One of the gifts the pandemic has given me is a return to my bicycle. Two wheels and feet have become the safest way for me to travel. I have been getting our groceries on the bike, but since I have been called back to work on site, the bicycle makes it possible to take the ferry across the bay instead of using BART. At first there were fewer cars on the road, but even as people decide that they have given the pandemic all the time they can afford to and jump back into their cars, I have become acclimated again, and have found other ways to separate myself from the worst of the traffic. Thankfully, there has been some progress on the bike path network as well. There are still gaps between the paths, but they are shorter than they were, and some real improvements, such as a long stretch of Folsom in San Francisco and a lot of Valencia Street.
I was curious about the Bay Trail running north from Jack London. I decided to see how far I could get after trying to trace the route via satellite imagery. I wanted to go to REI anyway, I needed to replace my beloved baskets. They are great, but impractical for transit and don’t fit lockers or even many racks, which are built for wide handlebars and narrow back wheels. They also make it impossible for me to pick up Beater with any kind of a load. I wanted a real rack that would support panniers, which can be carried separately, and also the weight of a load of groceries. I also wanted to see how crowded BART is, so I took the trail to North Berkeley and rode back. I picked up a rack rated for 110 pounds, and one of the only panniers they had left. No one in the bike shop could tell me how to get through the Maze, so I bought a newer version of the bike map I already have, which is the best five bucks I’ve spent in a while.

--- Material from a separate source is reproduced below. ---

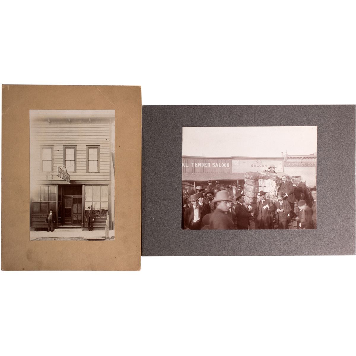 Lot of 2. 1) Montana: A man (possibly Frank Adler b.1859, d.1938) and the town marshal or sheriff posing outside of the Frank Adler Saloon. Adler lived in Roundup but spent most of his life in Anaconda. The bar operated in the eastern part of Anaconda [findagrave.com]. Photo measures 4" x 6" and is mounted on brown board (6.5" x 8.5".) 2) Possibly La Luz, New Mexico: Photograph of men out front of the (Leg)al Tender and K.C. Saloon. Most are in hats and jackets. Photo measures 6.25" x 4.75" and is mounted to a gray board (10" x 7".) - Vinegar Collection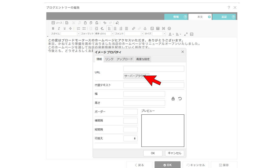②[イメージ挿入/選択]ボタンを押す。

The Berkeley end was pretty good. It took less than half an hour to get from REI to Emeryville, and that was because I was dawdling a bit, enjoying being near the water on a really beautiful trail. That ended around IKEA. There is a good separated trail down Maritime, through the Port, but the exhaust is pretty heavy, and there are a couple of spots where you have to cross the streets the trucks use. According to the map there are two other possibilities, 40th to Mandela, or Middle Harbor to Third. Seventh was scary. The path is really a wide sidewalk, and there are several intersections much like those in the Port. I won’t be doing that again if I have a choice.
I bailed at Oakland West, and wished I hadn’t. Third will get me close to Jack London, and the Bay Trail will get me to 5th. The recent improvements in the bike lanes in my neighborhood don’t do me much good, though there is one light on International that has gotten rid of one blind crossing that I appreciate very much. I still have the potholed side streets largely to myself, and have plenty of decent sections of pavement that I can thread the needle home on.
All in all, it was a useful expedition. It looks like there is a very long but possible ride from Lake Merritt to the San Rafael Transit Center. That opens up the possibility of taking a bike to Point Reyes, perhaps to Mt. Tam depending on the trails from the other side of the bridge, and perhaps points north. Maybe, with all the people trying out bicycling, the Bay Trail’s gaps will be filled in the near future.